Exploring the stories, interests, and needs of minority communities within our region is a top priority of this station's local news team. One of the eight categories ("issues of concern") that we report to the FCC in our quarterly Programs and Problems reports is "Women's and Minority Issues." Some of the ways we explored issues related to minorities and other diverse audiences in FY 15 include: WKU Public Radio aired extensive coverage in our local newscasts about three Kentucky county clerks who refused to issue marriage licenses to same-sex couples.
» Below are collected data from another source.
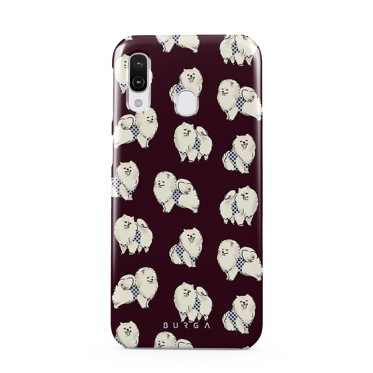 En este diseño: perros blancos y esponjosos sobre un fondo burdeos oscuro, caniches y mascotas.
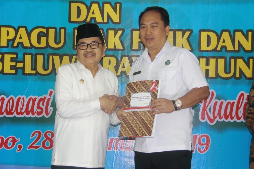 Direktur PKP2 Trans yang diwakili oleh Kasubdit Fasilitasi Penetapan Kawasan Transmigrasi Direktur Bina Potensi Kawasan Transmigrasi oleh Hidanafi Asrianti menyerahkan naskah SK penetapan kawasan transmigrasi Wara Palopo.
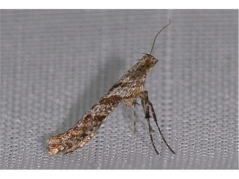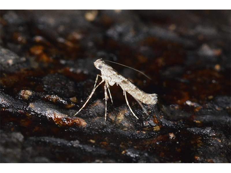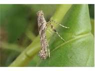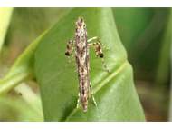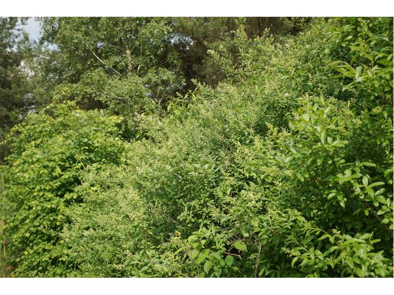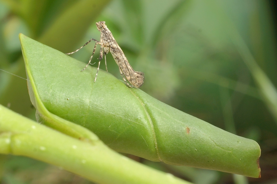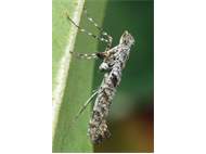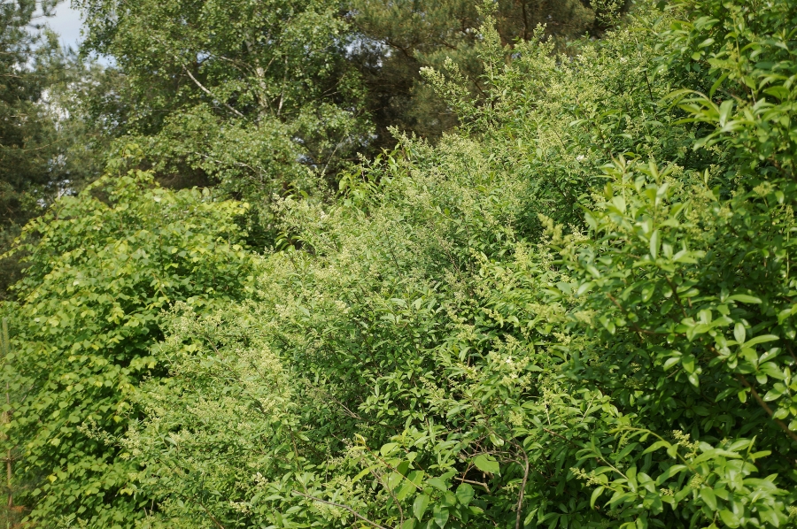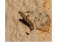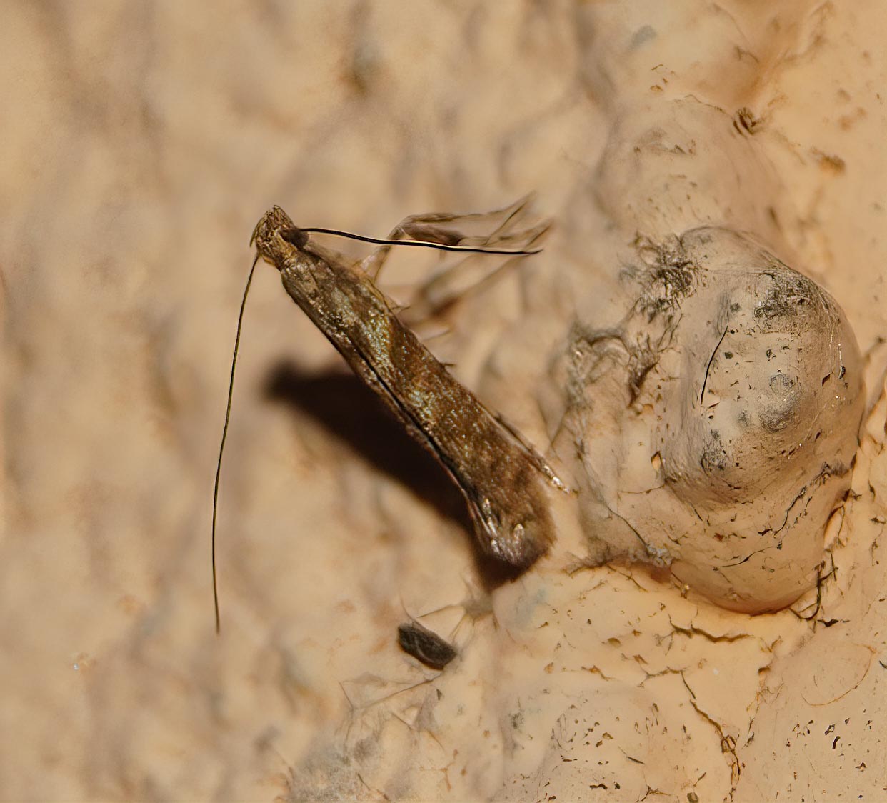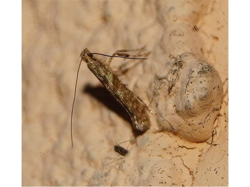 aufgerollte Blattüte von Liguster mit Puppenkokon
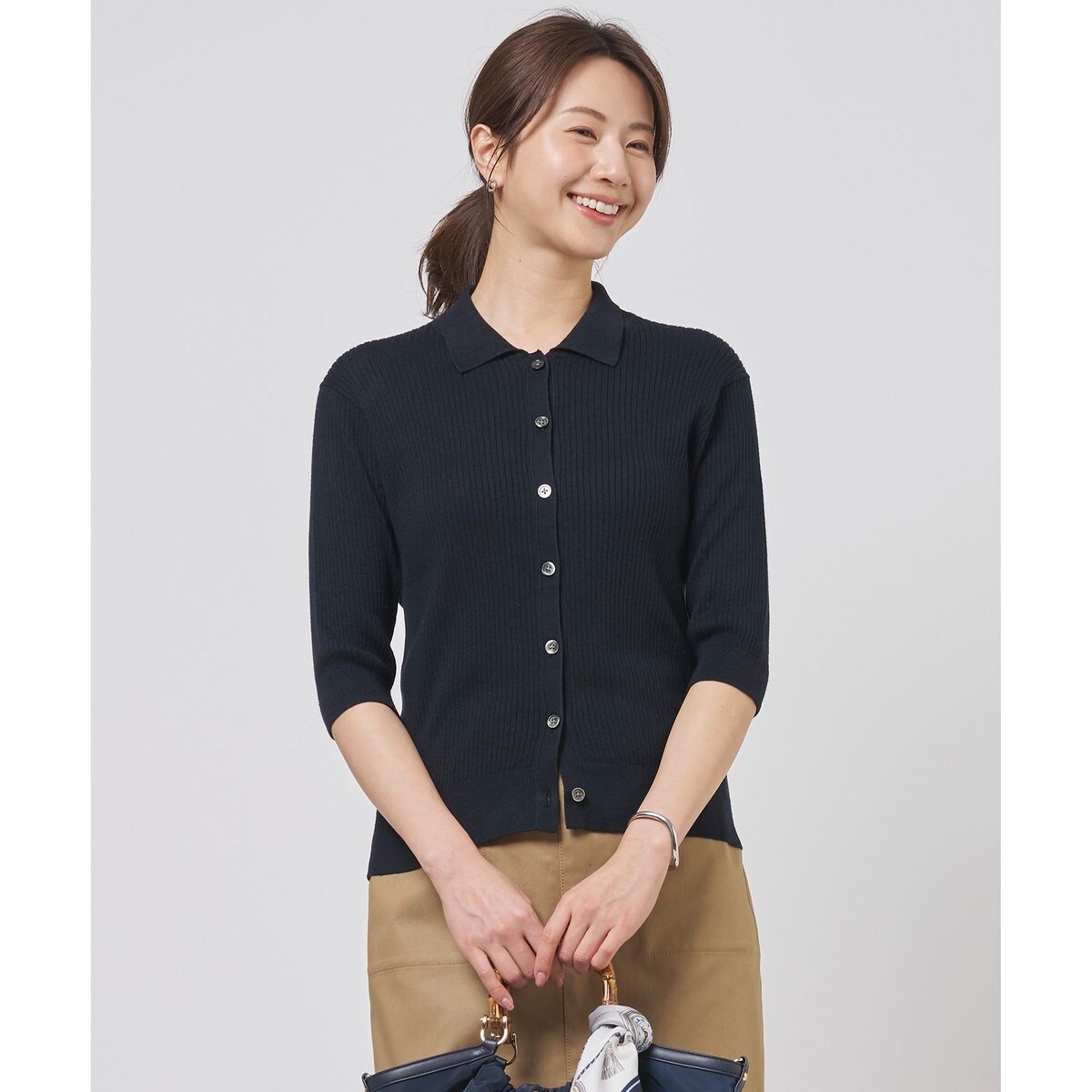 ■デザインリブベースで編み立てた、クラシカルなポロニットカーディガン。縦のラインを強調したリブ編みがすっきりとした印象の1着です。程よいゆとりを持たせたシルエットで、体のラインを拾いすぎないのが嬉しいポイントです。釦を閉じてプルオーバーとして着ればきちんと感のある装いに、前を開けてカーディガンとして羽織ればリラックスした雰囲気に、着回しの効くアイテムです。パンツにもスカートにも合わせやすい丈感で、清涼感あふれる春夏の装いを楽しめます。カラーは、華やかな存在感のあるルビーレッド(#010)、ナチュラルで温かみのあるモカ(#030)、爽やかで知的な印象のサックスブルー(#073)、シーンレスに活躍するネイビー(#075)の4色展開です。
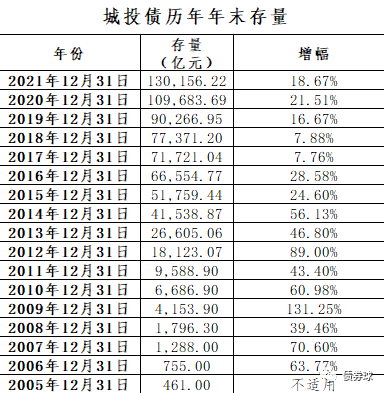 多年來,可以說我國信用債市場基本圍繞著城投債在高歌猛進中發(fā)展,中間雖有起伏,但是總體向上的趨勢一直沒有改變。從筆者統(tǒng)計的數(shù)據(jù)來看,城投債存量從2005年末的461億,已經增長到2021年的130156億元,增幅達280多倍。
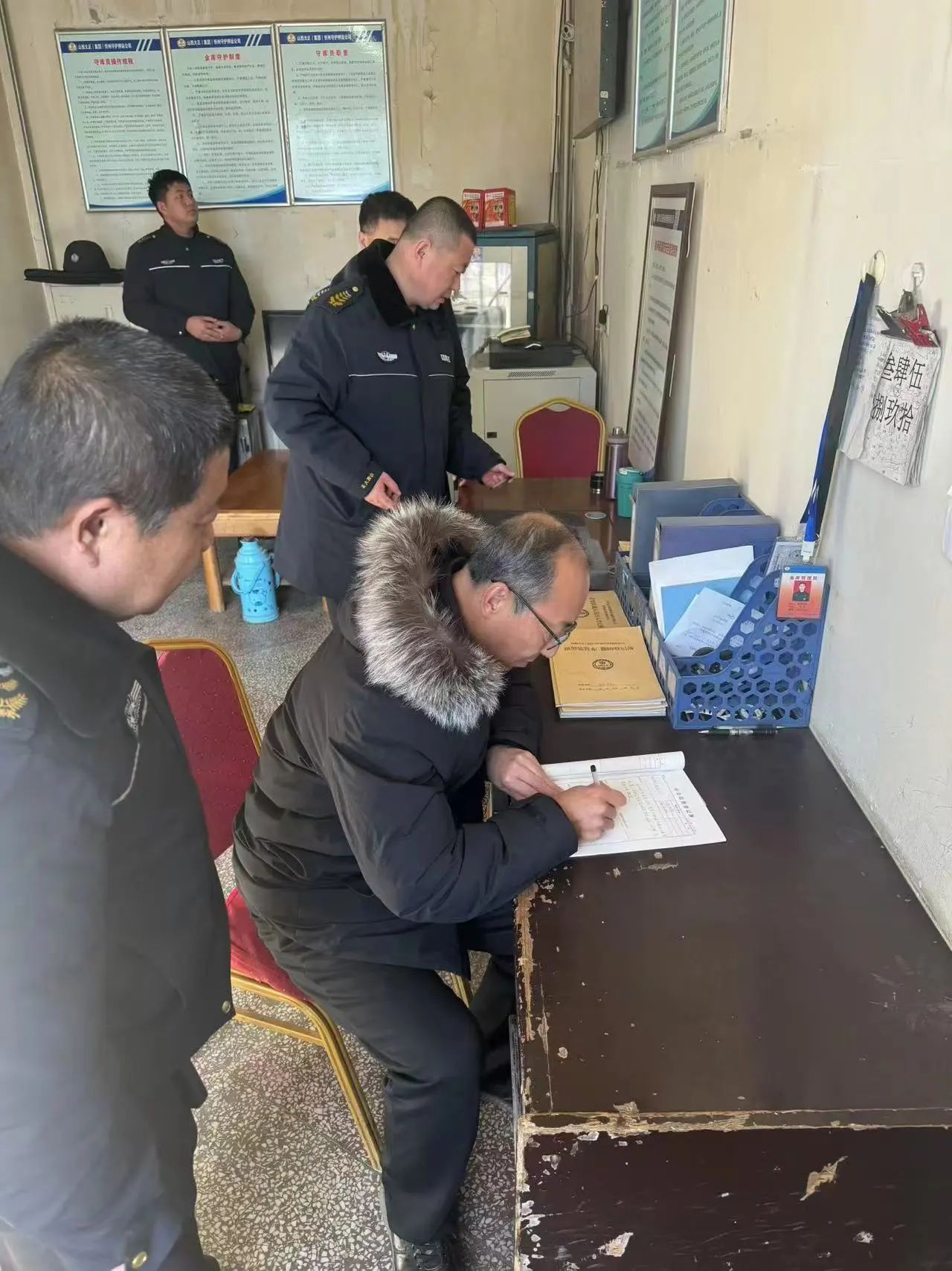 1月15日下午,集團公司安全督導(dǎo)檢查組羅鵬生、趙補安一行赴守押公司四大隊寧武中隊進行了全面的安全檢查。大隊長楊貴文、副大隊長王玉江、中隊長樊正及副中隊長張虎林、李懷彥全程配合。
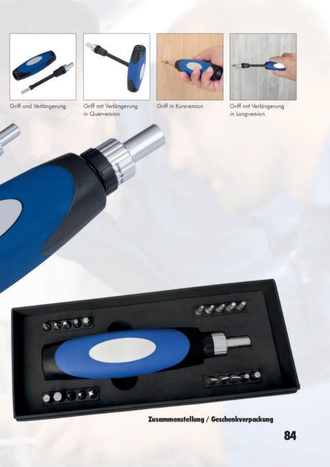 Bitaufnahme (1/4“) und Ratsche mit Rechts-/Linkslauf und Arretierung, Griff und Verlängerung Griff mit Verlängerung Griff in Kurzversion Griff mit Verlängerung
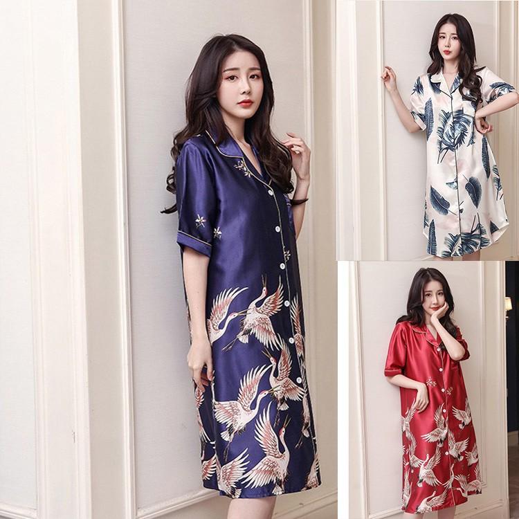 新品 レディース ガウン パジャマ 浴衣風 シルク風 鶴柄 ワンピース 前
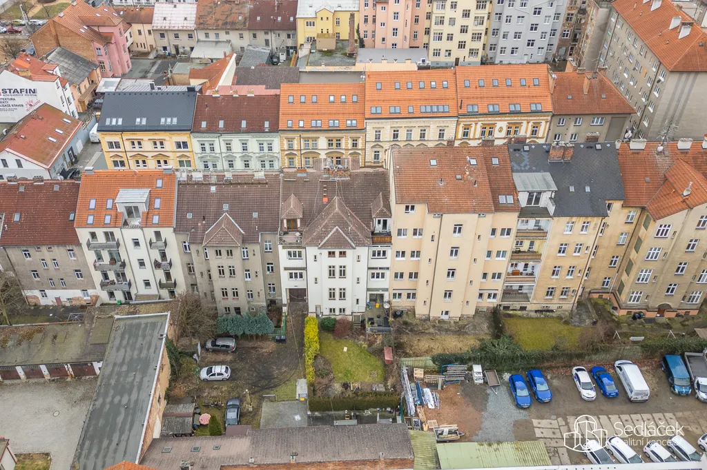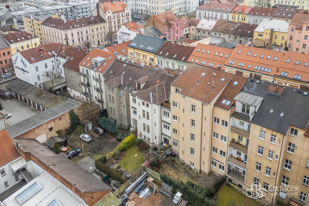 Velkou výhodou domu je společný dvorek, ideální pro posezení nebo klidné odpoledne. Dalším benefitem je docházková vzdálenost do centra Plzně – při svižné chůzi jste tam zhruba za deset minut.
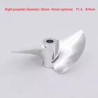 RC Boat Propeller 4mm 38mm 40mm 42mm 2-blades Aluminum Prop P1.4 for RC Racing Boat Description There propeller Suit for brush-less RC speed boat, RC racing boat upgrade spare part. Made of aluminum alloy, made by CNC.It is balanced,sharp and hard. There are two sizes available, please choose the correct size for your boat before purchasing. Tips Right-Hand(RH): which rotates clockwise as viewed from the stern when in forward gear Left-Hand(LH): which rotates counter clockwise as viewed from the stern when in forward gear ? Specification & Features * Material: aluminum alloy( 7075 ) * Hub hole diameter: 4mm, Fit 4mm shaft * Propellers diameter: 38mm/39mm/40mm/41mm/42mm/43mm/44mm/45mm optional * Propellers types: Left-hand, right-hand optional * Bayonet size:3mmx3mm * Pitch ratio: 1.4 ? Item Contains 1 Piece of CNC aluminum RC boat propeller for 4mm shaft( Diameter and propeller types optional )
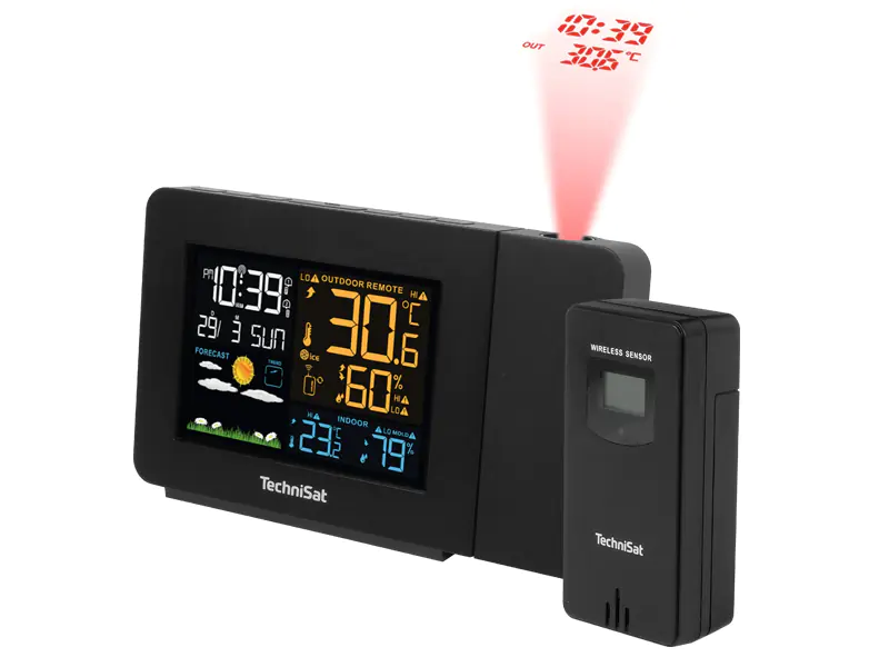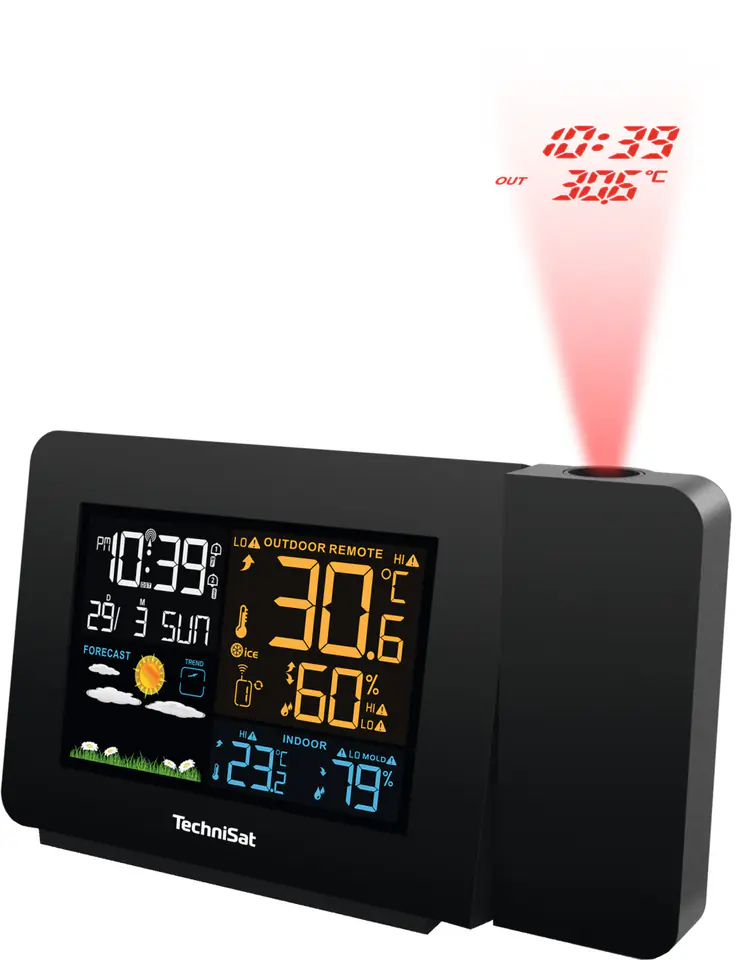 iMETEO P1 ma czytelny, kolorowy, podświetlany wyświetlacz LCD o wymiarach 90x60 mm. Stacja posiada również praktyczną funkcję projektora, który pozwala na projekcję danych, na ścianie twojej sypialni. W ten sposób wyświetlisz aktualny czas oraz temperaturę otoczenia. Zasięg maksymalny czujnika to aż 60 metrów.

Their opposition to the unions was based in their religious beliefs, and the three maintained their position was protected under the Constitution. One of the clerks, Kim Davis of Rowan County, gained international attention when she was sued by a same-sex couple who was refused a marriage license. The issue drew strong emotions from many sides, and we provided fair and fact-based reporting on the lawsuit, the arguments on both sides of the issue, and analysis of the legal implications. We aired interviews with Bowling Green LGBT-rights advocates who are working to persuade the Bowling Green City Commission to add LGBT individuals to the list of groups covered by the city’s “Fairness Ordinance.” Currently, LGBT individuals in Bowling Green can be discriminated against in employment, housing, and public accommodations.
We also aired an interview with an Iraqi-born man who was preparing to graduate from a community college in our region. Fawzi Younus is a former political refugee who shared with our audience what it meant to come to America and get a higher education degree, and also his thoughts about calls in the U.S. to bar all Middle Eastern immigrants and refugees from entering this country. WKU Public Radio was also represented at a career day event held by the Multicultural Journalist group at Western Kentucky University. The group strides to promote diversity through the School of Journalism and Broadcasting at WKU and provide resources for students to get a jobs and internships. The WKU Public Radio news director attended the event, and spoke with students about career opportunities in public broadcasting, as well as resume and interview tips. In 2016, WKU Public Broadcasting plans to launch a classical music service on our HD2 service and through an FM translator in Bowling Green. Part of the programming on that station will include "Concierto" a show featuring a mix of English and Spanish classical music as well as "Alt Latino" a show spotlighting popular Latin music.
5. Please assess the impact that your CPB funding had on your ability to serve your community. What were you able to do with your grant that you wouldn't be able to do if you didn't receive it?
CPB grant support is an absolutely essential component of our overall funding. In addition to the support we receive from our community and university, CPB funding allows us to serve a very wide geographic area, covering parts of three states. Our CPB grant ensures that we can continue to provide high-quality public radio programming and meaningful community engagement. This station faces considerable challenges when working to raise financial support in our community. Much of of coverage area is rural, not affluent, and does not fit traditional public radio listener demographics. CPB funding strengthens our efforts and helps us acquire programming that would otherwise be unaffordable and unattainable for us. Without CPB's support, our public service efforts would be tremendously diminished, and many in our region would be left without a local public radio service. A lack of CPB support would also affect the size and quality of our staff. Being a fully-qualified CPB station also gives us access to resources and program providers that are essential for our operation.